The discography of Michael W. Smith, an American contemporary Christian musician, consists of 15 studio albums and 80 singles as well as multiple Christmas albums, compilation albums, instrumental albums, and video releases. Smith has sold over 18 million albums as of May 2018. He has recorded more top-ten albums on the Billboard Christian Albums chart (31) than any other artist, and his 16 No. 1 albums on the chart are second only to Amy Grant.

In 1982, Smith was hired as a keyboardist for Grant and began writing and performing on her albums as well as touring with her as an opening act at her concerts. His first album, Michael W. Smith Project (1983), charted at No. 9 on the Billboard Christian Albums chart and was his first album to be certified gold by the Recording Industry Association of America (RIAA). His next albums, Michael W. Smith 2 (1984) and The Big Picture (1986), also charted in the top ten, but attempts to market The Big Picture to mainstream audiences did not succeed. I 2 (EYE) (1988) became Smith's first No. 1 album on the Christian Albums chart and his second gold album, and seven of its singles reached the top ten on the CCM Update Christian radio charts.
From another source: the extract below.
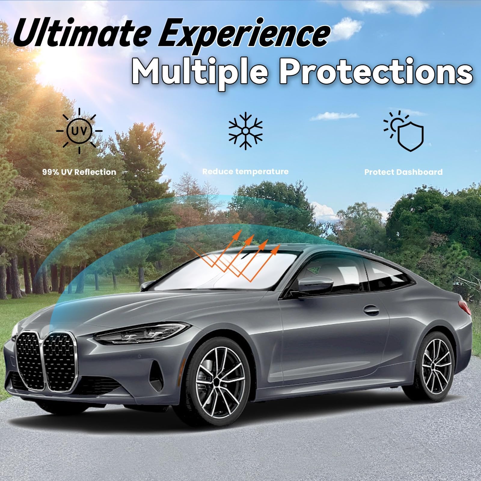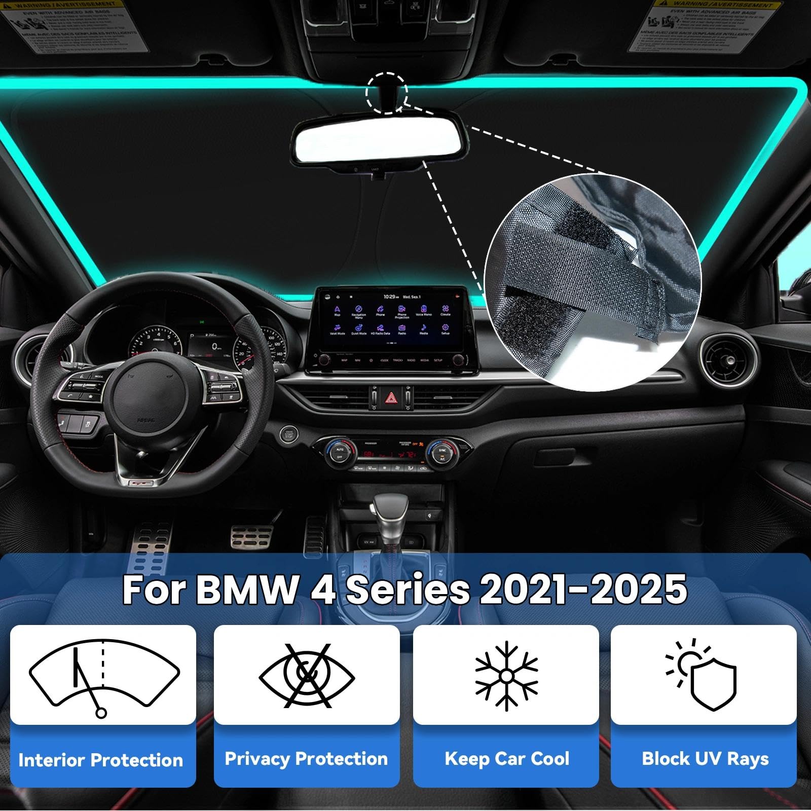 【Precise Fit】: Car sun shade for your BMW 4 Series 2021-2025 is custom-fit for a precise installation; It fits perfectly to your window without the need for suction cups; It won't sag or collapse, making it ideal for outdoor camping adventures
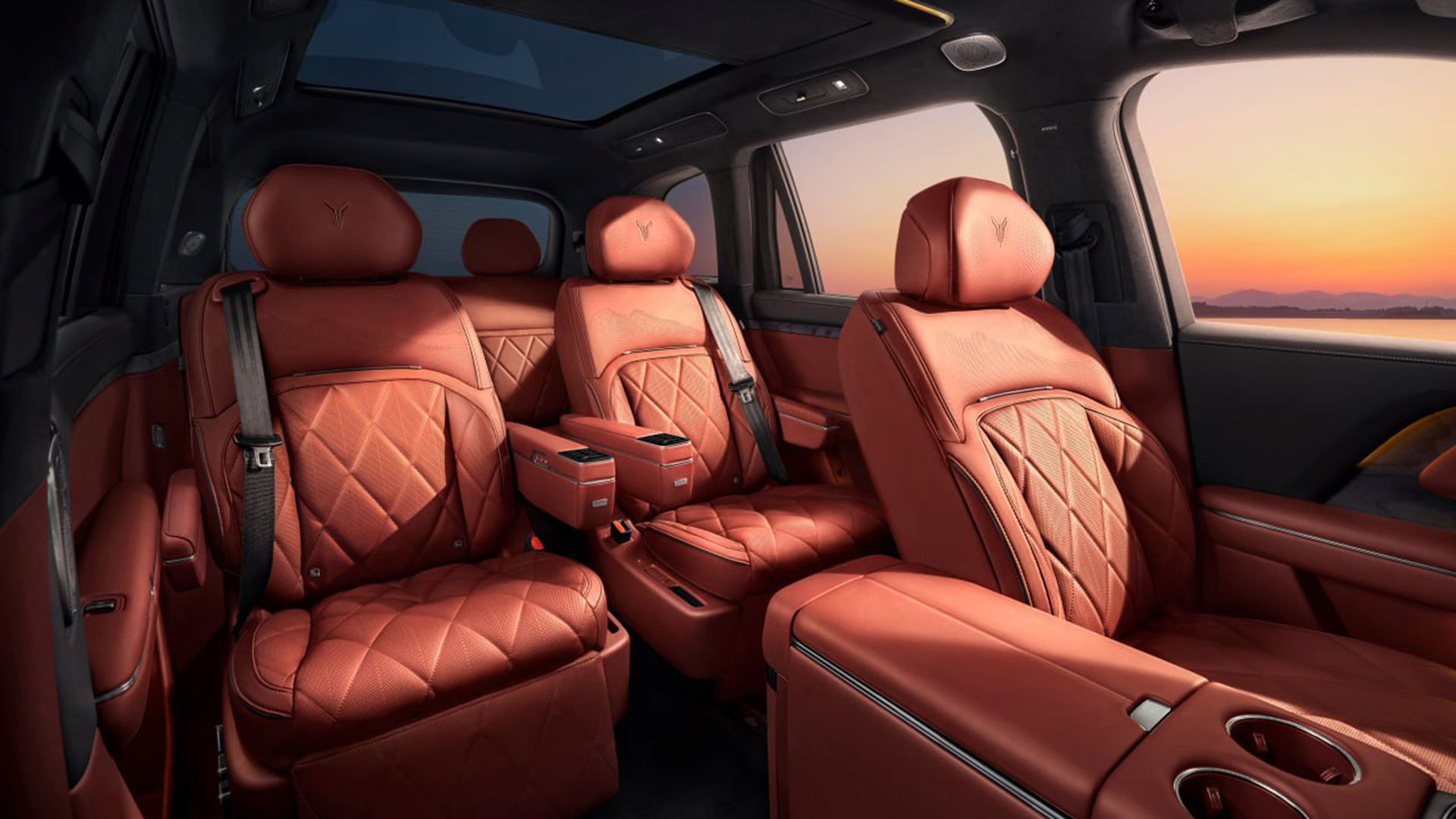 В оснащение салона входят проекционный дисплей с дополненной реальностью, встроенные в подголовники динамики, беспроводная зарядка для мобильных устройств, двухсекционная панорамная крыша, потолочный экран, а также встроенный холодильник и складные столики.

Go West Young Man (1990) became Smith's first album to chart on the Billboard 200, and the singles "Place in This World" and "For You" peaked at Nos. 6 and 60 on the Billboard Hot 100. The album was certified platinum by the RIAA and certified gold by Music Canada. Change Your World (1992) and I'll Lead You Home (1995) also received platinum certifications. "I Will Be Here for You", the lead single from Change Your World, topped the adult contemporary charts in the United States and Canada while charting at No. 8 in Canada and No. 27 on the Hot 100, and I'll Lead You Home was the first Christian album to debut in the top 20 on the Billboard 200.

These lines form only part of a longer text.